Mosquito blood meals reveal history of human infections

Blood-sucking mosquitoes have their uses. An innovative approach that analyses their last blood meals can reveal evidence of infection in the people or animals that the flying insects feasted on.

Scientists say that the method could be used to study people’s and animals’ past exposure to a range of pathogens, while avoiding the ethical and practical issues of testing them directly.

Researchers have previously detected exposure to pathogens by testing blood from mosquitoes for antibodies, markers of past infection that can circulate in blood for months to years, from specific animal hosts.

The technique used by Carla Vieira, a disease ecologist at the QIMR Berghofer Medical Research Institute in Brisbane, Australia, can detect antibodies in blood from a range of animals and people.

She focused on Ross River virus, a potentially debilitating mosquito-borne disease that is endemic to Australia and islands in the southern Pacific Ocean.

Vieira and her colleagues trapped roughly 55,000 mosquitoes in parks in Brisbane in 2021 and 2022. From those insects that had recently had a meal, they squeezed out a couple of millilitres of blood and tested it for antibodies that can bind to Ross River virus. They also sequenced DNA fragments in the blood to identify the animal that the insect had feasted on.

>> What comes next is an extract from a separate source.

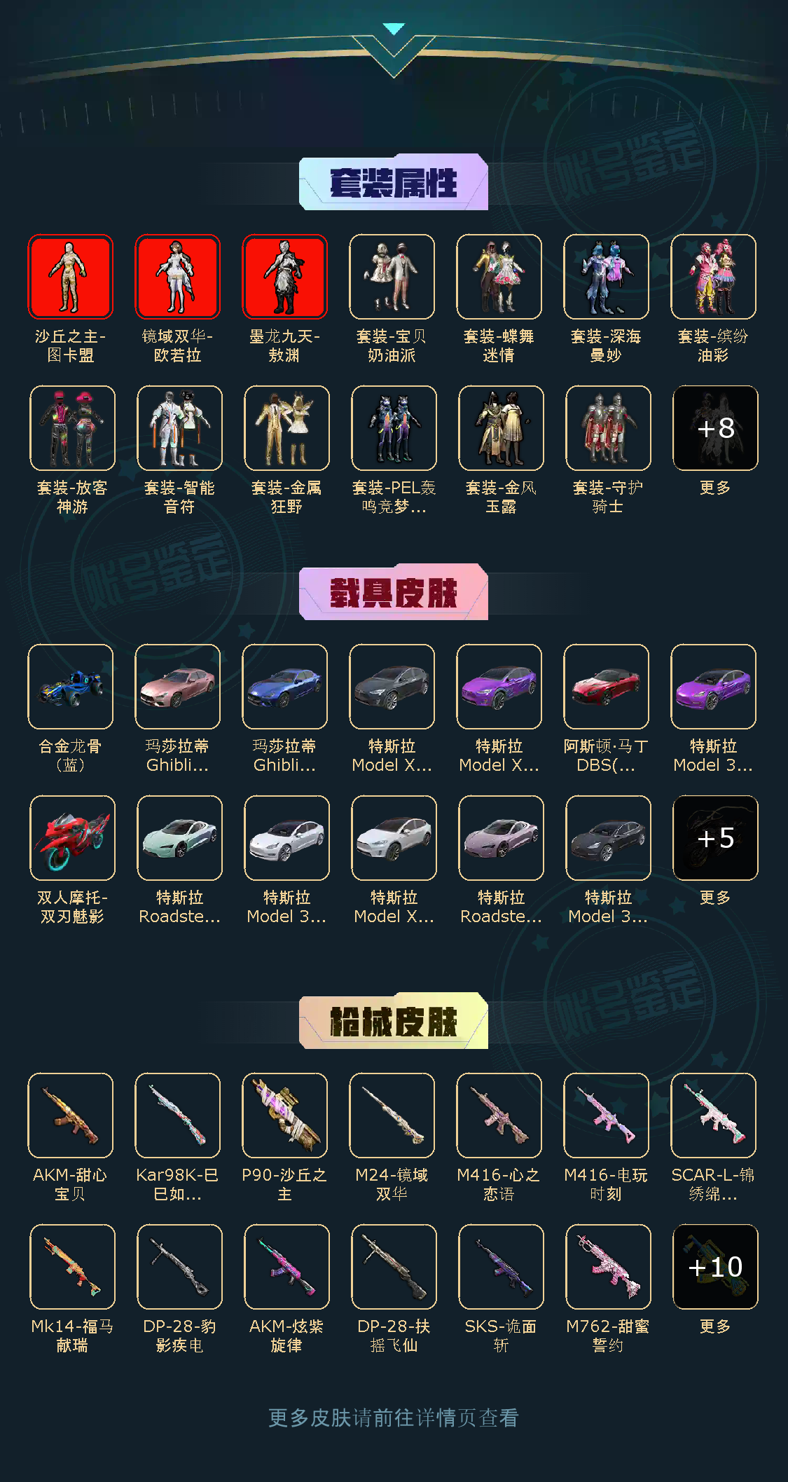 【套装数量】231 【枪械数量】267 【粉枪械数量】22 【粉套装数量】17 【载具数量】18 【飞行器数量】11 【稀有资产】墨龙九天-敖渊[1级]/镜域双华-欧若拉[1级]/沙丘之主-图卡盟[3级]/套装-奇异狩猎者/套装-浪漫天命/套装-潮萌小黄鸭/套装-雪山精英/套装-龟仙人/套装-浪漫波比/角色-都市丽猫/套装-缤纷假日/套装-奇迹天团 【粉色套装】套装-宝贝奶油派/套装-守护骑士/套装-金风玉露/套装-蝶舞迷情/套装-PEL轰鸣竞梦者/套装-深海曼妙/套装-金属狂野/套装-静灵氛围/套装-智能音符/套装-缤纷油彩/套装-放客神游/套装-冰霜白皇/套装-苍蓝魅影/套装-翡翠骑士/套装-绚金战神/套装-香水柠檬/角色-圣堂之誓 【粉色枪皮】M416-五爪金龙[4级]/M416-心之恋语[6级]/M762-甜蜜誓约[4级]/AKM-甜心宝贝[6级]/AKM-炫紫旋律[5级]/M762-激战未来[2级]/GROZA-香水柠檬[4级]/Kar98K-暗翼战神[1级]/SKS-诡面斩[4级]/SCAR-L-梦幻火箭[1级]/SCAR-L-童趣迷兔[4级]/SCAR-L-锦绣绵绵[5级]/M416-电玩时刻[5级]/M416-墨龙九天[3级]/Kar98K-巳巳如意[5级]/Kar98K-伏魔团[2级]/M24-镜域双华[1级]/AWM-花间之火[3级]/Mini14-荧光虫舞[3级]/P90-沙丘之主[2级]/DP-28-豹影疾电[5级]/DP-28-扶摇飞仙[4级] 【载具】鬼马风驰/特斯拉Cybertruck(荒芜蓝)/特斯拉Cybertruck(极昼黑)/阿斯顿·马丁DBS(红)/特斯拉Roadster(沁心粉)/玛莎拉蒂Ghibli(粉)/玛莎拉蒂Ghibli(蓝)/特斯拉Model 3(珍珠白)/特斯拉Roadster(水滴蓝)/特斯拉Model 3(冷光银)/特斯拉Model 3(奇幻紫)/快艇-塞莎KL27(深潜蓝)[1级]/双人摩托-双刃魅影(红)/疾风龙骑/特斯拉Model X(冷光银)/特斯拉Model X(奇幻紫)/特斯拉Model X(珍珠白)/合金龙骨(蓝) 【僚机】空客H135-蔚蓝之翼 【飞行器】至尊龙雀飞行服/梦幻火箭飞行器/春暖花开飞行器/炫紫旋律飞行器/深海曼妙飞行器/PEL轰鸣竞梦者飞行器/甜蜜誓约飞行器/激战未来飞行器/镜域双华-灵镜之阶/沙丘之主天马[1级]/龙翔九天飞行器[1级]

In preliminary results presented at the International Congress of Infectious Diseases in Kuala Lumpur in November, Vieira reported that 480 of the trapped mosquitoes were engorged with blood. More than half of those had fed on people, some 9% on cows and 6% on kangaroos, among other animals. Of the 253 samples containing blood from people, more than half included antibodies against Ross River virus — “a really high population”, she says. Close to three-quarters of the cows and kangaroos also had evidence of exposure.

“This is a novel and fascinating approach, which demonstrates innovative ways to use the environment around us to learn more about exposure to infection,” says Shelly Bolotin, a vaccine scientist at the University of Toronto in Canada.

A view inside the nest chamber of the ant Crematogaster lineolata, where multiple worker ants tend to pupae.

Inside an ant-nest chamber, adult workers tend to pupae.Credit: Daniel Kronauer

Mysterious ‘milk’ from ant pupae helps feed colony

For the first time, researchers have observed ants secreting a milk-like fluid that nourishes others in the colony.

The research, published on 30 November (O. Snir et al. Nature https://doi.org/jpb8; 2022), reveals that as pupae — an otherwise inactive developmental stage — ants produce a nutrient-rich fluid that is consumed by both adults and larvae.

Newly hatched larvae depend on this fluid to grow and survive, akin to how mammalian newborns depend on milk. If the ant adults and larvae do not consume the fluid, it builds up and becomes contaminated with fungi, which kill the pupae.

“We identified a mechanism that unites the colony, binding ants across developmental stages — adults, larvae and pupae — into a coherent entity, the superorganism,” says co-author Orli Snir, a biologist at the Rockefeller University in New York City.

“It is really surprising that nobody else noticed this before,” says Patrizia d’Ettorre, an ethologist at Sorbonne Paris North University, France. “The pupae were considered useless [because] they are immobile, they spin a cocoon around them in some species, they don’t eat, they’re just moved around by the [ant] workers, so they [wouldn’t] contribute anything to ant society. But this paper shows that this is not true.”